[Problem] The records that follow are to be repeated in full, with no pictures retained.

Extracted material section start

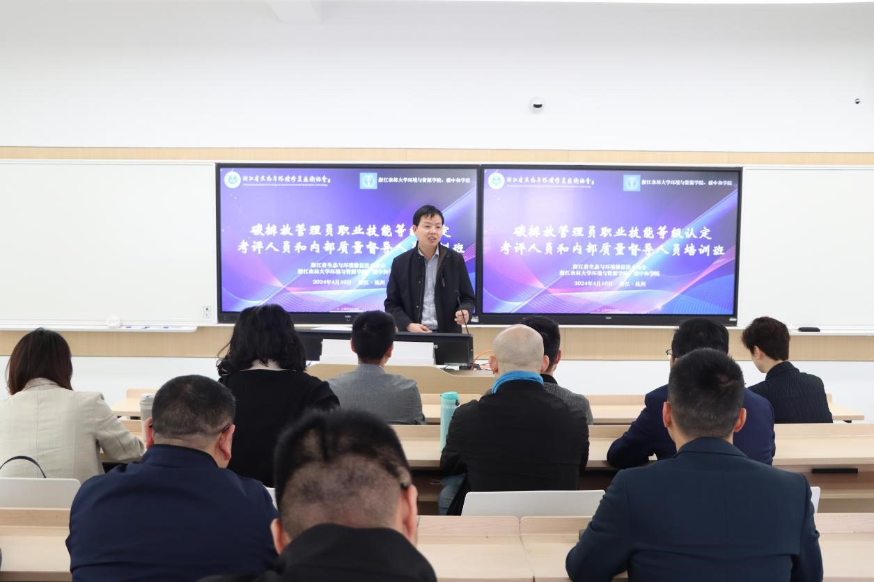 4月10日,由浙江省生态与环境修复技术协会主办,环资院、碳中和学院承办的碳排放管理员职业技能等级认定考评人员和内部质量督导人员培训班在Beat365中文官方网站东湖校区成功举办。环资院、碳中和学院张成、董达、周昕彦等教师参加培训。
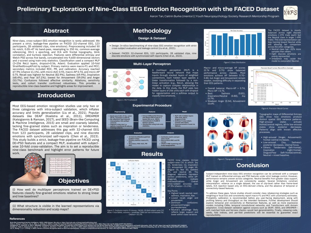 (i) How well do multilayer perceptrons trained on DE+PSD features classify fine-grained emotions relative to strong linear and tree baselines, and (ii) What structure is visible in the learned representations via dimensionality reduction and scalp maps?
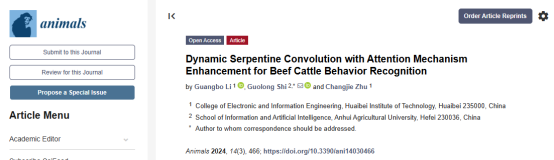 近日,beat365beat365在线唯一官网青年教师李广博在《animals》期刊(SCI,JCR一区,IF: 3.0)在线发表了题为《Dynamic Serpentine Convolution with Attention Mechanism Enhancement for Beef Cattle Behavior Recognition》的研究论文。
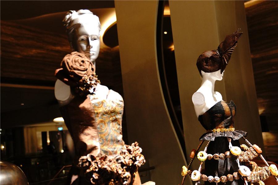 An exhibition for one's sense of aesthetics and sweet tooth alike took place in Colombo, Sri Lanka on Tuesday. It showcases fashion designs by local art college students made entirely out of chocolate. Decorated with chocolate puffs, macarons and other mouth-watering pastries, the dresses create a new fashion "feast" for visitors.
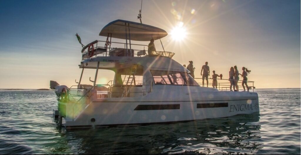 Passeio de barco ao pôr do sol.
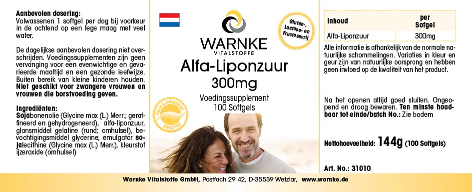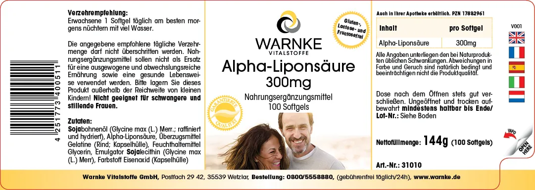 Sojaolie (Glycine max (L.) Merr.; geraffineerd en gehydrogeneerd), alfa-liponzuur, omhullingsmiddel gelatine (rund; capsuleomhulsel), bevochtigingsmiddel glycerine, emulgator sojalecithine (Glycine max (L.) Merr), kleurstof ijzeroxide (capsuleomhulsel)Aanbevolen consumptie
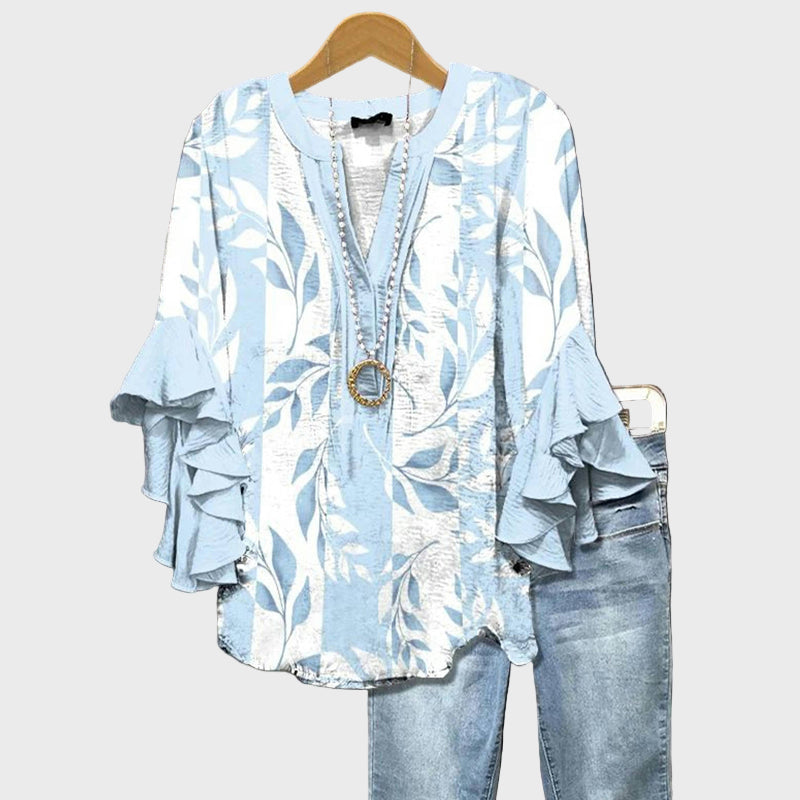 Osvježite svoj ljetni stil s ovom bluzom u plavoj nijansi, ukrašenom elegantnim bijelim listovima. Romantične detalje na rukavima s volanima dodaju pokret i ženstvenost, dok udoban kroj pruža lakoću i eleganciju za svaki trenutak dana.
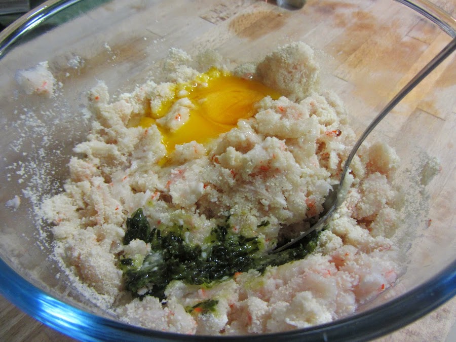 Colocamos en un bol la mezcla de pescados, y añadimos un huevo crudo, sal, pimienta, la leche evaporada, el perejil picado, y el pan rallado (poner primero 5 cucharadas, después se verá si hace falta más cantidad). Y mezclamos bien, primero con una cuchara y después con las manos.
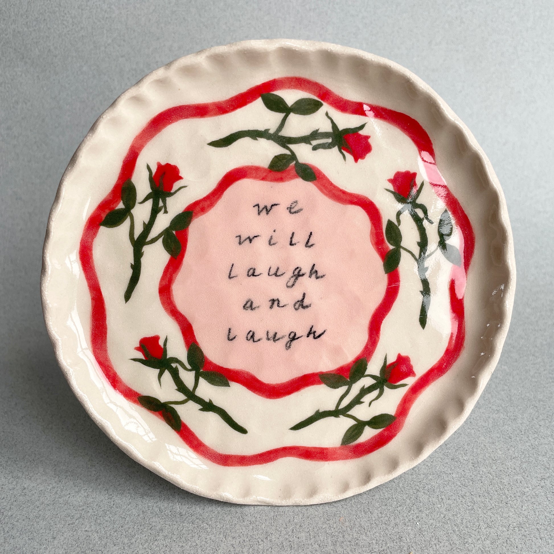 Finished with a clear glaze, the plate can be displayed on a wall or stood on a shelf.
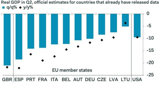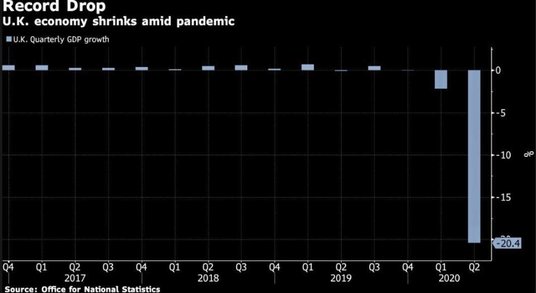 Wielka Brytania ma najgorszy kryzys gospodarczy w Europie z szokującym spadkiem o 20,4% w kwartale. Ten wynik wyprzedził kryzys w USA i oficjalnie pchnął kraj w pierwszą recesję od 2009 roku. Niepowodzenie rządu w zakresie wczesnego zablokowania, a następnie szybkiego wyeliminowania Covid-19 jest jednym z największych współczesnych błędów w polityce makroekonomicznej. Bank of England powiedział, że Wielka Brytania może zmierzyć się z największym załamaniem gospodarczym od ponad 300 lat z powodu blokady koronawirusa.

Extracted material section end

[Written answer]
 4月10日,由浙江省生态与环境修复技术协会主办,环资院、碳中和学院承办的碳排放管理员职业技能等级认定考评人员和内部质量督导人员培训班在Beat365中文官方网站东湖校区成功举办。环资院、碳中和学院张成、董达、周昕彦等教师参加培训。
 (i) How well do multilayer perceptrons trained on DE+PSD features classify fine-grained emotions relative to strong linear and tree baselines, and (ii) What structure is visible in the learned representations via dimensionality reduction and scalp maps?
 近日,beat365beat365在线唯一官网青年教师李广博在《animals》期刊(SCI,JCR一区,IF: 3.0)在线发表了题为《Dynamic Serpentine Convolution with Attention Mechanism Enhancement for Beef Cattle Behavior Recognition》的研究论文。
 An exhibition for one's sense of aesthetics and sweet tooth alike took place in Colombo, Sri Lanka on Tuesday. It showcases fashion designs by local art college students made entirely out of chocolate. Decorated with chocolate puffs, macarons and other mouth-watering pastries, the dresses create a new fashion "feast" for visitors.
 Passeio de barco ao pôr do sol.
 Sojaolie (Glycine max (L.) Merr.; geraffineerd en gehydrogeneerd), alfa-liponzuur, omhullingsmiddel gelatine (rund; capsuleomhulsel), bevochtigingsmiddel glycerine, emulgator sojalecithine (Glycine max (L.) Merr), kleurstof ijzeroxide (capsuleomhulsel)Aanbevolen consumptie
 Osvježite svoj ljetni stil s ovom bluzom u plavoj nijansi, ukrašenom elegantnim bijelim listovima. Romantične detalje na rukavima s volanima dodaju pokret i ženstvenost, dok udoban kroj pruža lakoću i eleganciju za svaki trenutak dana.
 Colocamos en un bol la mezcla de pescados, y añadimos un huevo crudo, sal, pimienta, la leche evaporada, el perejil picado, y el pan rallado (poner primero 5 cucharadas, después se verá si hace falta más cantidad). Y mezclamos bien, primero con una cuchara y después con las manos.
 Finished with a clear glaze, the plate can be displayed on a wall or stood on a shelf.
 Wielka Brytania ma najgorszy kryzys gospodarczy w Europie z szokującym spadkiem o 20,4% w kwartale. Ten wynik wyprzedził kryzys w USA i oficjalnie pchnął kraj w pierwszą recesję od 2009 roku. Niepowodzenie rządu w zakresie wczesnego zablokowania, a następnie szybkiego wyeliminowania Covid-19 jest jednym z największych współczesnych błędów w polityce makroekonomicznej. Bank of England powiedział, że Wielka Brytania może zmierzyć się z największym załamaniem gospodarczym od ponad 300 lat z powodu blokady koronawirusa.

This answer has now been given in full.